• Directions: Keep the images out while you set down the data exactly.

• Raw data:
#####

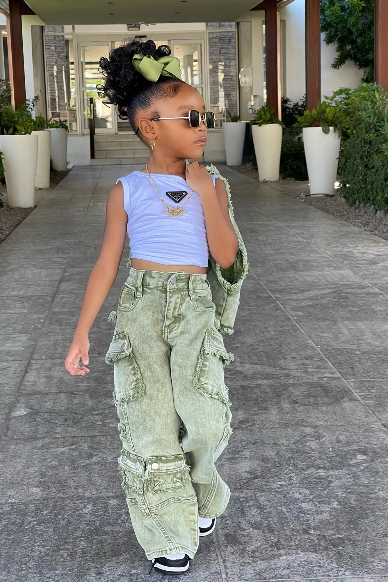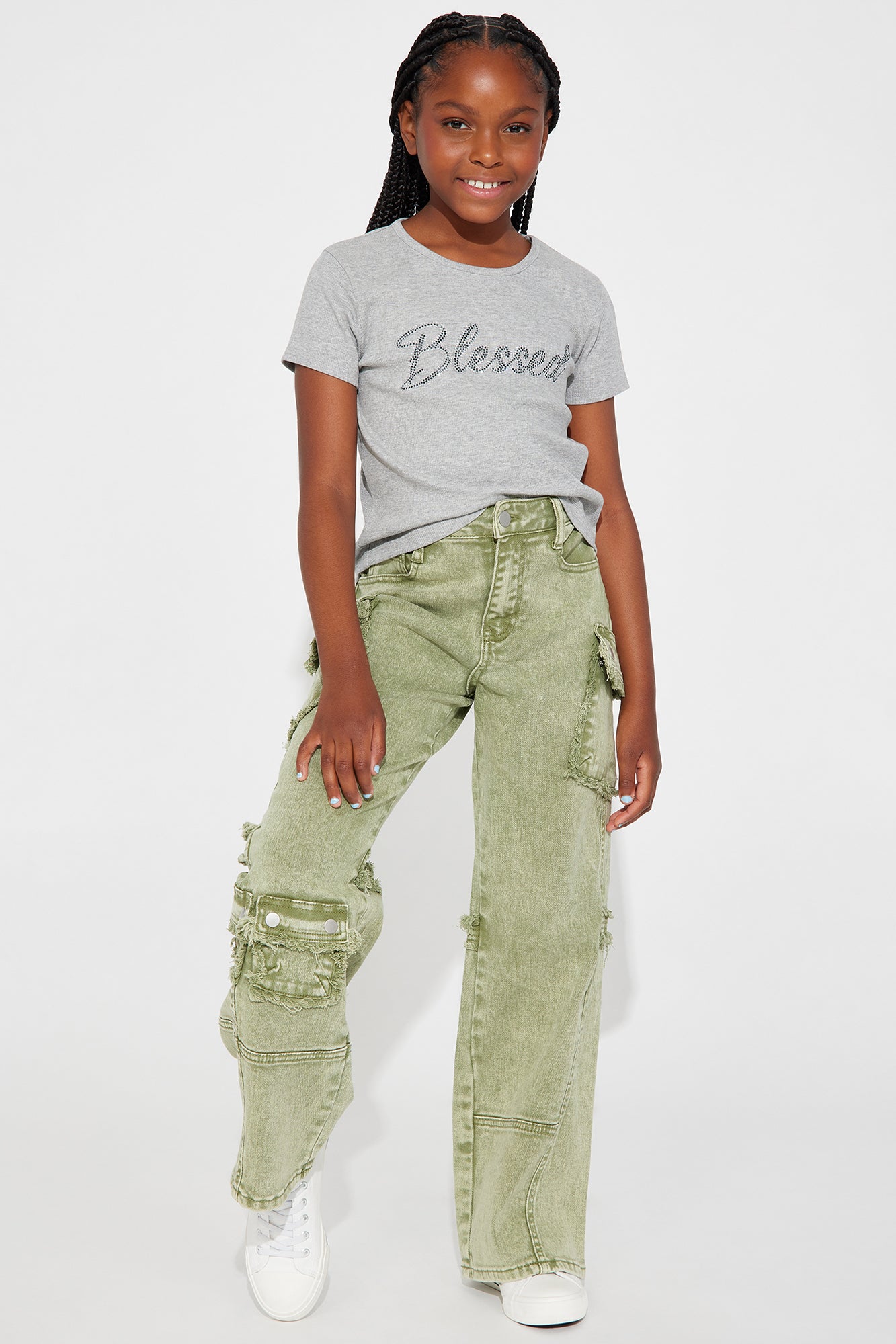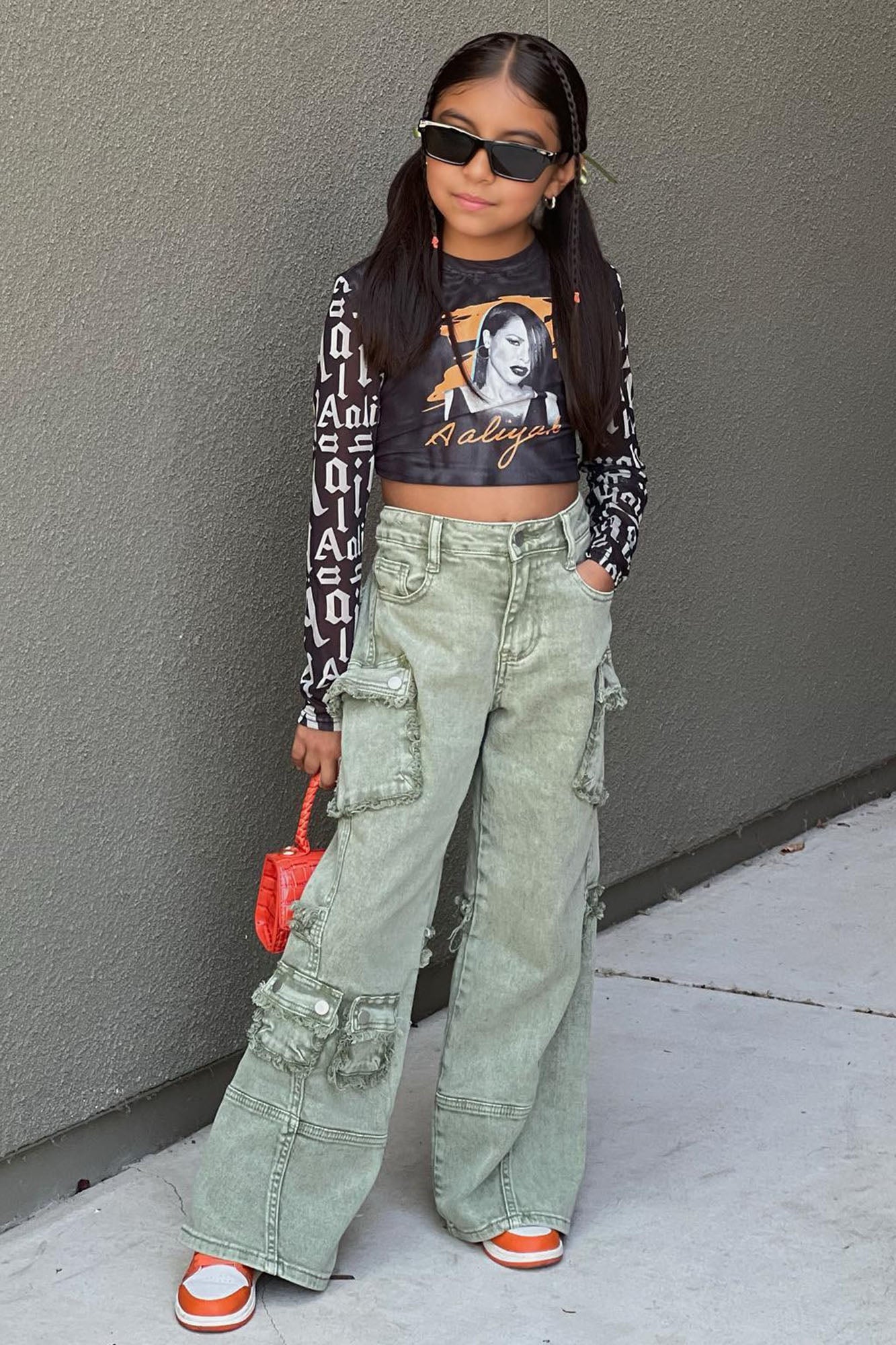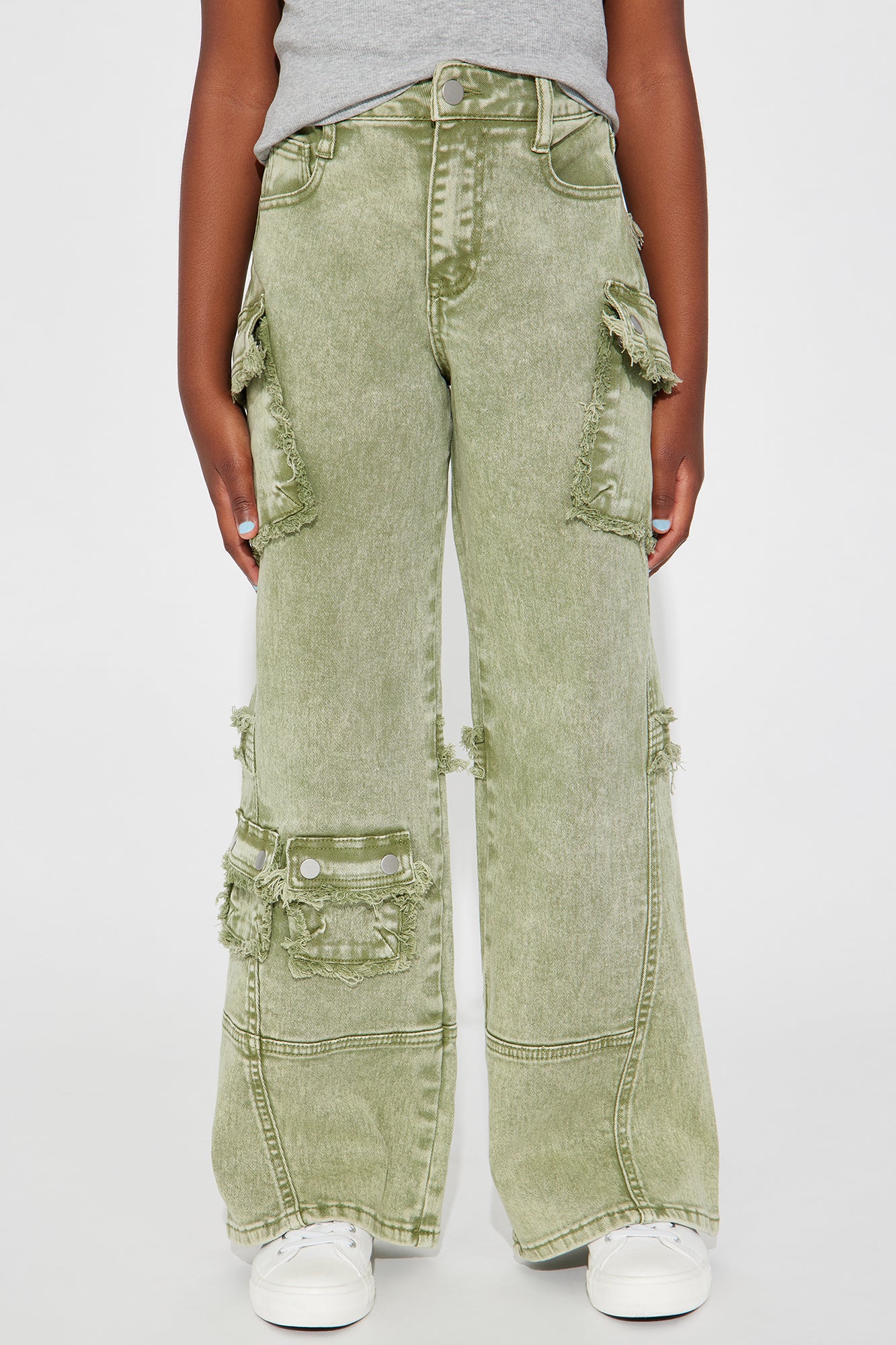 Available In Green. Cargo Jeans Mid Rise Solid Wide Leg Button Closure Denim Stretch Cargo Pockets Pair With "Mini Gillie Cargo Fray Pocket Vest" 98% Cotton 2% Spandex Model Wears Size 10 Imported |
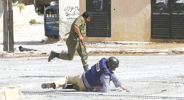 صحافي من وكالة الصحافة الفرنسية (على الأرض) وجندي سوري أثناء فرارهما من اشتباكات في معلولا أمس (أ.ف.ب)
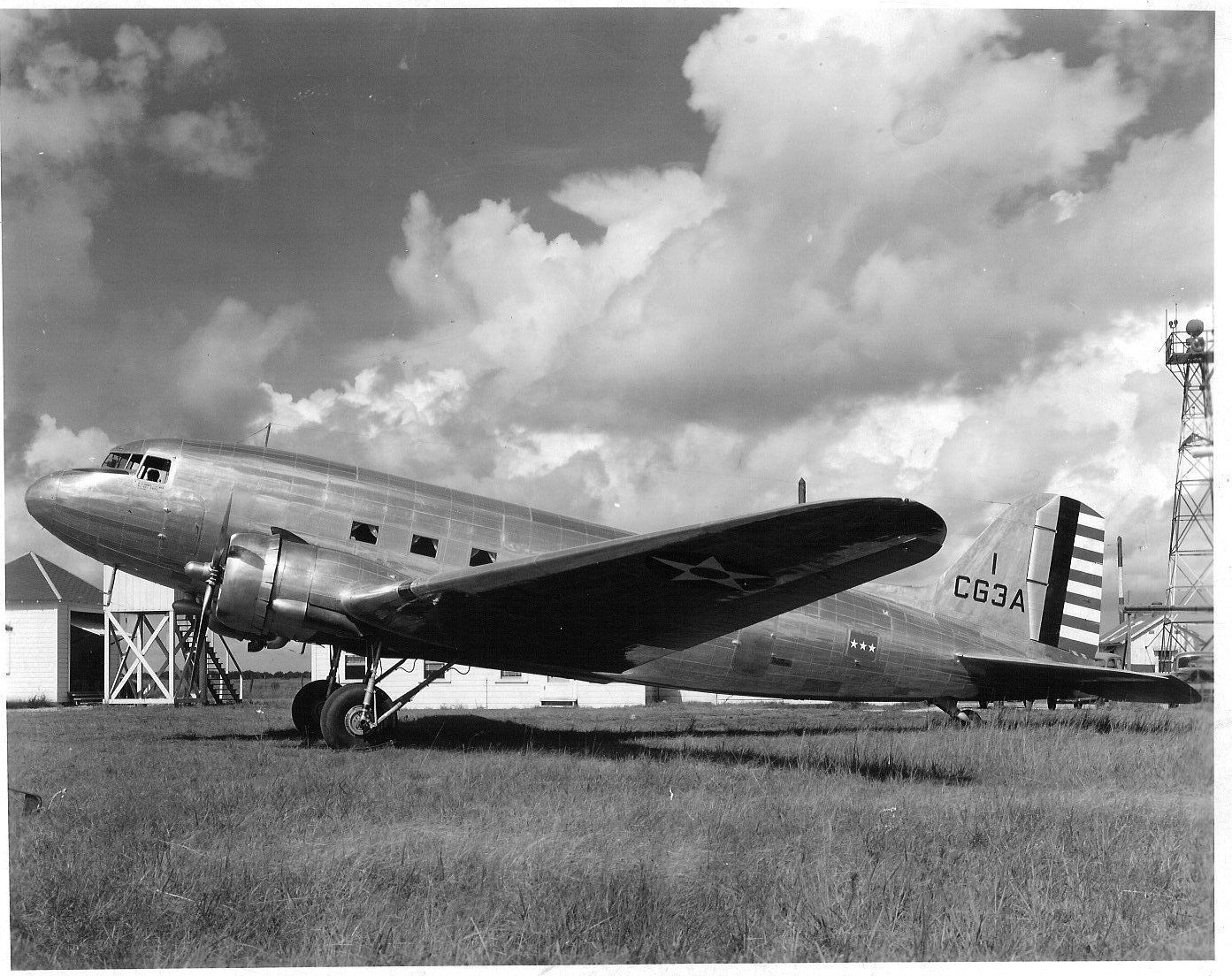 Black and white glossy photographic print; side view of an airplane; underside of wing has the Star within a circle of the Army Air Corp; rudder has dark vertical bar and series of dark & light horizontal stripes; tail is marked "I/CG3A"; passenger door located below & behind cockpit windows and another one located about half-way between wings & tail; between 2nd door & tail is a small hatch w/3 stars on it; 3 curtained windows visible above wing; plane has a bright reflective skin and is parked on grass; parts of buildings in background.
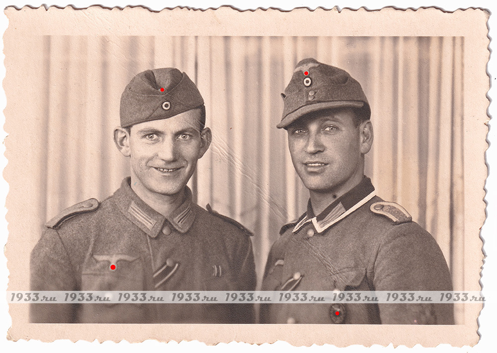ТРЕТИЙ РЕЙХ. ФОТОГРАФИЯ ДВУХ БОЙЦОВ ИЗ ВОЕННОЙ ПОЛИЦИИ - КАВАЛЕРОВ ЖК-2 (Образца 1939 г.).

#####

• Reply to the task:
 Available In Green. Cargo Jeans Mid Rise Solid Wide Leg Button Closure Denim Stretch Cargo Pockets Pair With "Mini Gillie Cargo Fray Pocket Vest" 98% Cotton 2% Spandex Model Wears Size 10 Imported |
 صحافي من وكالة الصحافة الفرنسية (على الأرض) وجندي سوري أثناء فرارهما من اشتباكات في معلولا أمس (أ.ف.ب)
 Black and white glossy photographic print; side view of an airplane; underside of wing has the Star within a circle of the Army Air Corp; rudder has dark vertical bar and series of dark & light horizontal stripes; tail is marked "I/CG3A"; passenger door located below & behind cockpit windows and another one located about half-way between wings & tail; between 2nd door & tail is a small hatch w/3 stars on it; 3 curtained windows visible above wing; plane has a bright reflective skin and is parked on grass; parts of buildings in background.
ТРЕТИЙ РЕЙХ. ФОТОГРАФИЯ ДВУХ БОЙЦОВ ИЗ ВОЕННОЙ ПОЛИЦИИ - КАВАЛЕРОВ ЖК-2 (Образца 1939 г.).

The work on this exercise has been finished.